Bitcoin Forum

This morning as you might be aware the OpenSSL bug called Heartbeat was announced. Here is my and others experience with HSBC, Barclays and Nationwide.

HSBC

I called HSBC, this my personal bank. They seemed to pretend like they knew what I was talking about. I asked to be transferred to some security report line or be given an email. HSBC informed me that everything is fine and as far as they were aware, I had nothing to worry about. I knew that they probably weren't lying considering how long I was on the line. Plus their site and mobile apps don't seem to be running on OpenSSl so I trusted them (Yes, I trusted a Bank.)

Barclays

My parents are on Barclays and use their internet service but I was also more personally invested in this. As many of you, I use the application called pingit. According to this page, http://www.barclays.co.uk/Mobile/BarclaysPingitSoftwaretermsandconditions/P1242607867693 the app uses OpenSSl. Due this being a mobile application it's hard to find out if Heartbleed is being used.

I decided to call them so I can report the possible vulnerability. My experience can be summed up in three points.  

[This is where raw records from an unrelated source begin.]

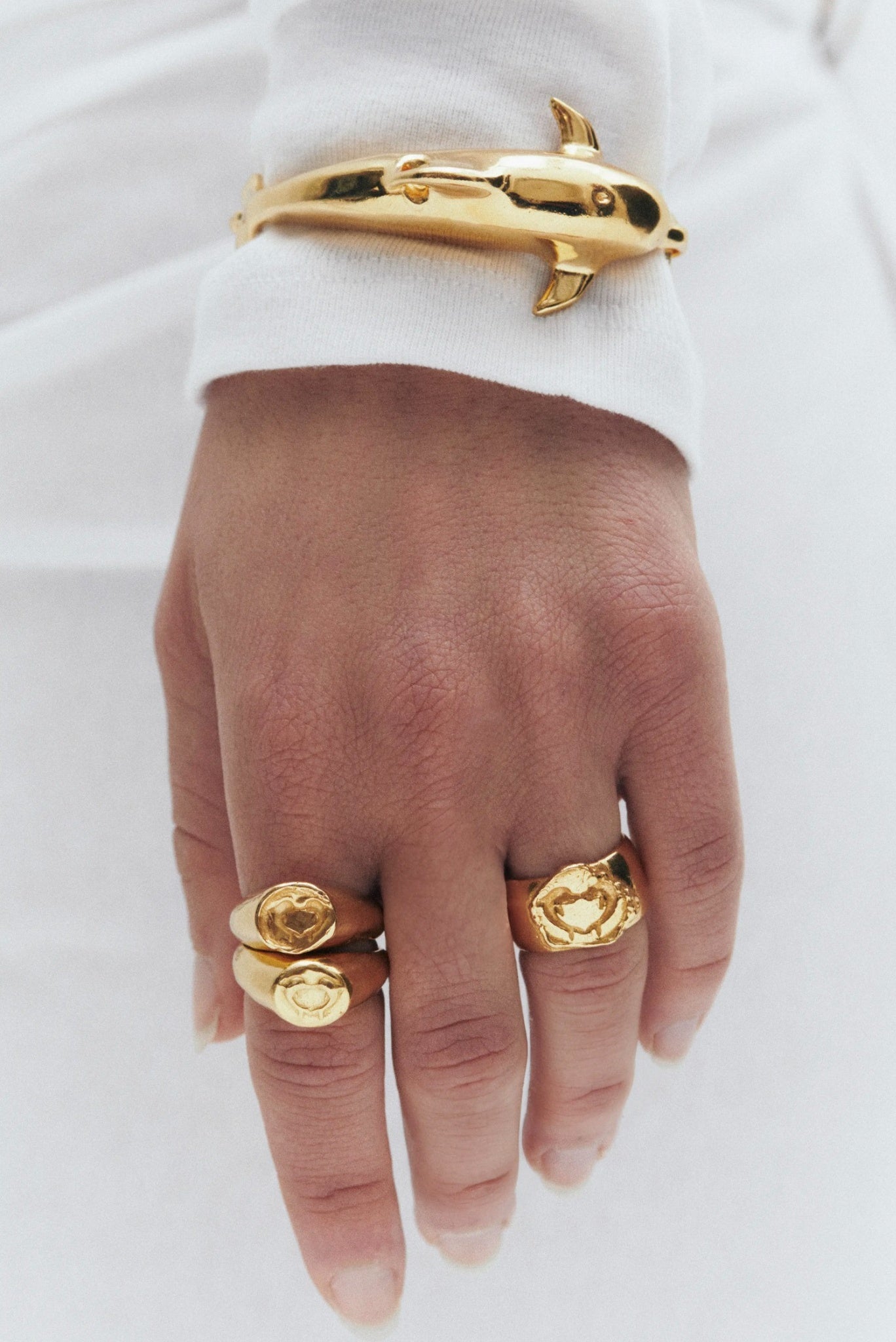 Gold-tone statement bracelet with a clean, sculptural feel featuring two dolphins. Handmade in gold plated recycled 925 sterling silver.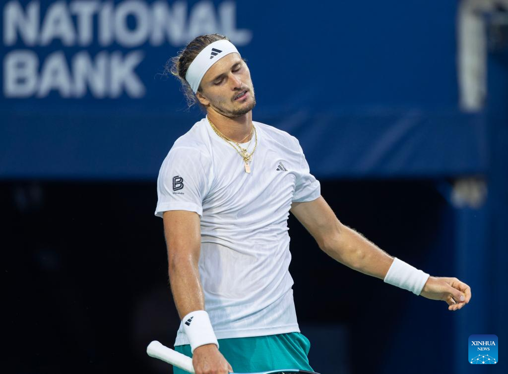 Alexander Zverev of Germany reacts during the men's singles semifinal match between Alexander Zverev of Germany and Karen Khachanov of Russia at the 2025 National Bank Open tennis tournament in Toronto, Canada, on Aug. 6, 2025. (Photo by Zou Zheng/Xinhua)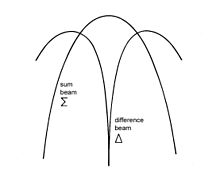 The new Mode S system was intended to operate with just a single reply from an aircraft, a system known as monopulse. The accompanying diagram shows a conventional main or "sum" beam of an SSR antenna to which has been added a "difference" beam. To produce the sum beam the signal is distributed horizontally across the antenna aperture. This feed system is divided into two equal halves and the two parts summed again to produce the original sum beam. However the two halves are also subtracted to produce a difference output. A signal arriving exactly normal, or boresight, to the antenna will produce a maximum output in the sum beam but a zero signal in the difference beam. Away from boresight the signal in the sum beam will be less but there will be a non-zero signal in the difference beam. The angle of arrival of the signal can be determined by measuring the ratio of the signals between the sum and difference beams. The ambiguity about boresight can be resolved as there is a 180° phase change in the difference signal either side of boresight. Bearing measurements can be made on a single pulse, hence monopulse, but accuracy can be improved by averaging measurements made on several or all of the pulses received in a reply from an aircraft. A monopulse receiver[15] was developed early in the UK Adsel programme and this design is still used widely today. Mode S reply pulses are deliberately designed to be similar to mode A and C replies so the same receiver can be used to provide improved bearing measurement for the SSR mode A and C system with the advantage that the interrogation rate can be substantially reduced thereby reducing the interference caused to other users of the system.[19]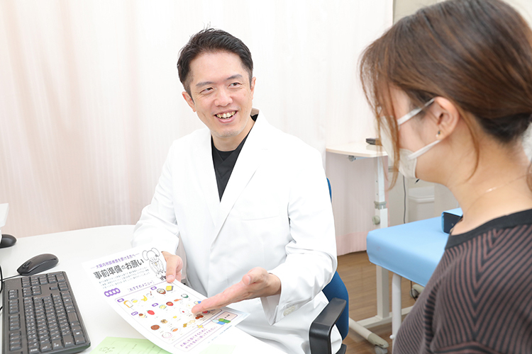 【佑香副院長】当院では女性医師も在籍し、検査のハードルをできる限り下げられる工夫をしています。院長は論理的で説明がうまく、私には男性の先生には伝えにくい相談もしていただけたらと思います。スタッフも良い人ばかりに恵まれ、優しく対応してくれますので、気楽な気持ちでいらしてください。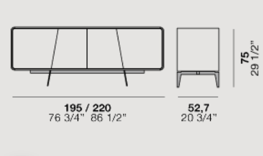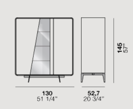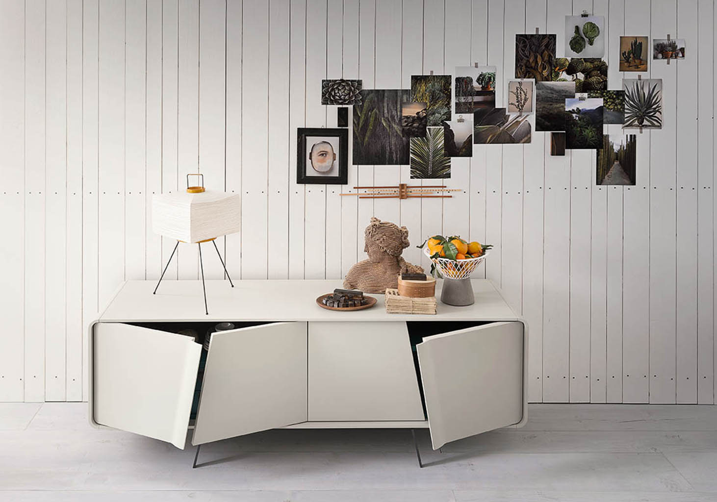 Musa is available as a sideboard, cabinet or display cabinet, and its main feature is the rounded shape of its carcass. It also stands out for the sloping cut of the doors that conceal the handle and continue in the lines of the painted metal feet. The interior can be lacquered and fitted – in the sideboard version – with a practical drawer unit.

• 1) They have no security report line or email
• 2) Customer service didn't seem to care
• 3) Even calling head office and reporting the issue they were unable to transfer me to a security team or didn't seem to be worried

After 40mins and 5GBP spent on calls later, I was told the internet fraud email. This a internet fraud prevention email not a security report bug email.  Either way, I wrote to them:


This turned out no results and I still haven't received an email back. I assumed that this was useless and tried to reach them on twitter. That also turned out no reply.

Nationwide

This not my personal experience and I only know small details of the experience. I was in talks with someone on twitter about this problem, their bank is Nationwide. They were unable to got any results.


Conclusion

I find it amusing how every single Bitcoin exchange has dedicated security emails and even phone lines but massive Banks such as HSBC and Barclays don't. It might be amusing for now but in the long term this a serious problem that has to be addressed.

Banks are like MtGox  :)

Probably the best analogy for my experience, I'v heard so far.

Don't waste your time reporting to them, the only thing you should be ready for, is that if you lose money be ready to sue the heck out of them since it's their fault for not being as secure as they claim to be

I had pretty much the exact same experience with Barclays, tried twitter and they completely ignored me.

If you're serious about this, it may be a good idea to report it to someone in government so they can have an excuse to go yell and lecture the banks, not much but it would get attention, you could even show the responses of the banks.

Nah it's just a waste of time in my opinion. No one in the government is interested in minor problems of some random guy.

Plus let's be honest at the end of the day we all know who pays their bills.

Indeed. It's futile. :)

If you lose money due to fraud ot security problems on their end they'll give you it back. Can't say the same for bitcoins though.

That's true but it also takes time plus there really isn't an excuse for not having security emails. Another thing you have to consider is that Banks also store your details and most have scans of your passport so security vulnerabilities could lead to identity fraud which is a serious problem.

No bank I've ever banked with has held any photo ID, but identity fraud is always an issue with any place you give your details.

The blockchain in principale is safe, and you use your wallet on your indiscretion, You might be refering to exchanges but that's a regulation problem.